Advanced R Challenges

Create a custom theme for your graphs!

require(tidyverse)
#> Loading required package: tidyverse
#> ── Attaching packages ─────────────────────────────────────── tidyverse 1.3.1 ──
#> ✓ ggplot2 3.3.5     ✓ purrr   0.3.4
#> ✓ tibble  3.1.6     ✓ dplyr   1.0.7
#> ✓ tidyr   1.1.3     ✓ stringr 1.4.0
#> ✓ readr   1.4.0     ✓ forcats 0.5.1
#> ── Conflicts ────────────────────────────────────────── tidyverse_conflicts() ──
#> x dplyr::filter() masks stats::filter()
#> x dplyr::lag()    masks stats::lag()
#Example 1.
my.axis.font<-theme(axis.title.x = element_text(size=18), axis.title.y = element_text(size=18),
                    axis.text.x = element_text(size=18), axis.text.y = element_text(size=18), 
                    plot.title=element_text(size=18,face="bold", hjust = .5),
                    legend.title=element_text(size=14),legend.text=element_text(size=14))
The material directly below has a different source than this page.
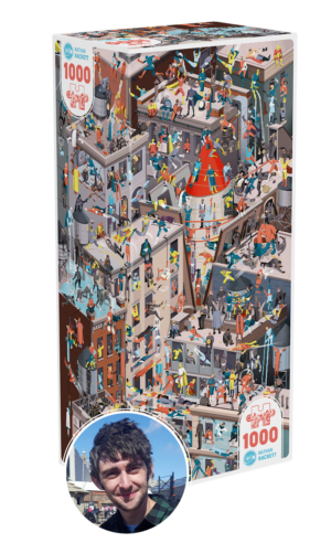 Les façades des bâtiments et la couleur des superslips des super-héros sauront vous guider à travers ce puzzle fourmillant de scénettes pleines d’humour.

# theme_mine <- theme(...)
# example 2.
### XKCD theme
theme_xkcd2 <- theme(
  panel.background = element_rect(fill="white"), 
  axis.ticks = element_line(colour=NA),
  panel.grid = element_line(colour="white"),
  axis.text.y = element_text(colour=NA), 
  axis.text.x = element_text(colour="black"),
  text = element_text(size=16, family="Humor Sans")
)

###Jittery line###
xkcd_line <- function(x, y, color) {
  len <- length(x);
  rg <- par("usr");
  yjitter <- (rg[4] - rg[3]) / 1000;
  xjitter <- (rg[2] - rg[1]) / 1000;
  x_mod <- x + rnorm(len) * xjitter;
  y_mod <- y + rnorm(len) * yjitter;
  lines(x_mod, y_mod, col='white', lwd=10);
  lines(x_mod, y_mod, col=color, lwd=5);
}

###Off-axis###
xkcd_axis <- function() {
  rg <- par("usr");
  yaxis <- 1:100 / 100 * (rg[4] - rg[3]) + rg[3];
  xaxis <- 1:100 / 100 * (rg[2] - rg[1]) + rg[1];
  xkcd_line(1:100 * 0 + rg[1] + (rg[2]-rg[1])/100, yaxis,'black')
  xkcd_line(xaxis, 1:100 * 0 + rg[3] + (rg[4]-rg[3])/100, 'black')
}

#Now use it to  plot some graphs.
mpg %>%
  ggplot() + geom_point(aes(x = displ, y = hwy, color = class)) +
  labs(title = "My Plot") +
  my.axis.font

#Some squiggly lines:
d <- data.frame(x=1:100)
d$one <- exp(-((d$x - 50)/10)^2)
d$two <- sin(d$x/10)
plot.new()
plot.window(
  c(min(d$x),max(d$x)),
  c(min(c(d$one,d$two)),max(c(d$one,d$two))))
xkcd_axis()
xkcd_line(d$x, d$one, 'red')
xkcd_line(d$x, d$two, 'blue')

Steps of Visualization

Step 1: Get some data

ggplot2 has the mpg dataset.

kable(ggplot2::mpg[1,1:11])
manufacturer model displ year cyl trans drv cty hwy fl class
audi a4 1.8 1999 4 auto(l5) f 18 29 p compact

Let’s save it to something…

df <- ggplot2::mpg

take a look at it…

View(df)

Also look at its dimensions up in the environment —-> (usually it’s in the upper-right corner) or print them to the console…

dim(df)
#> [1] 234  11
str(df) #what kind of classes are we dealing with?
#> tibble [234 × 11] (S3: tbl_df/tbl/data.frame)
#>  $ manufacturer: chr [1:234] "audi" "audi" "audi" "audi" ...
#>  $ model       : chr [1:234] "a4" "a4" "a4" "a4" ...
#>  $ displ       : num [1:234] 1.8 1.8 2 2 2.8 2.8 3.1 1.8 1.8 2 ...
#>  $ year        : int [1:234] 1999 1999 2008 2008 1999 1999 2008 1999 1999 2008 ...
#>  $ cyl         : int [1:234] 4 4 4 4 6 6 6 4 4 4 ...
#>  $ trans       : chr [1:234] "auto(l5)" "manual(m5)" "manual(m6)" "auto(av)" ...
#>  $ drv         : chr [1:234] "f" "f" "f" "f" ...
#>  $ cty         : int [1:234] 18 21 20 21 16 18 18 18 16 20 ...
#>  $ hwy         : int [1:234] 29 29 31 30 26 26 27 26 25 28 ...
#>  $ fl          : chr [1:234] "p" "p" "p" "p" ...
#>  $ class       : chr [1:234] "compact" "compact" "compact" "compact" ...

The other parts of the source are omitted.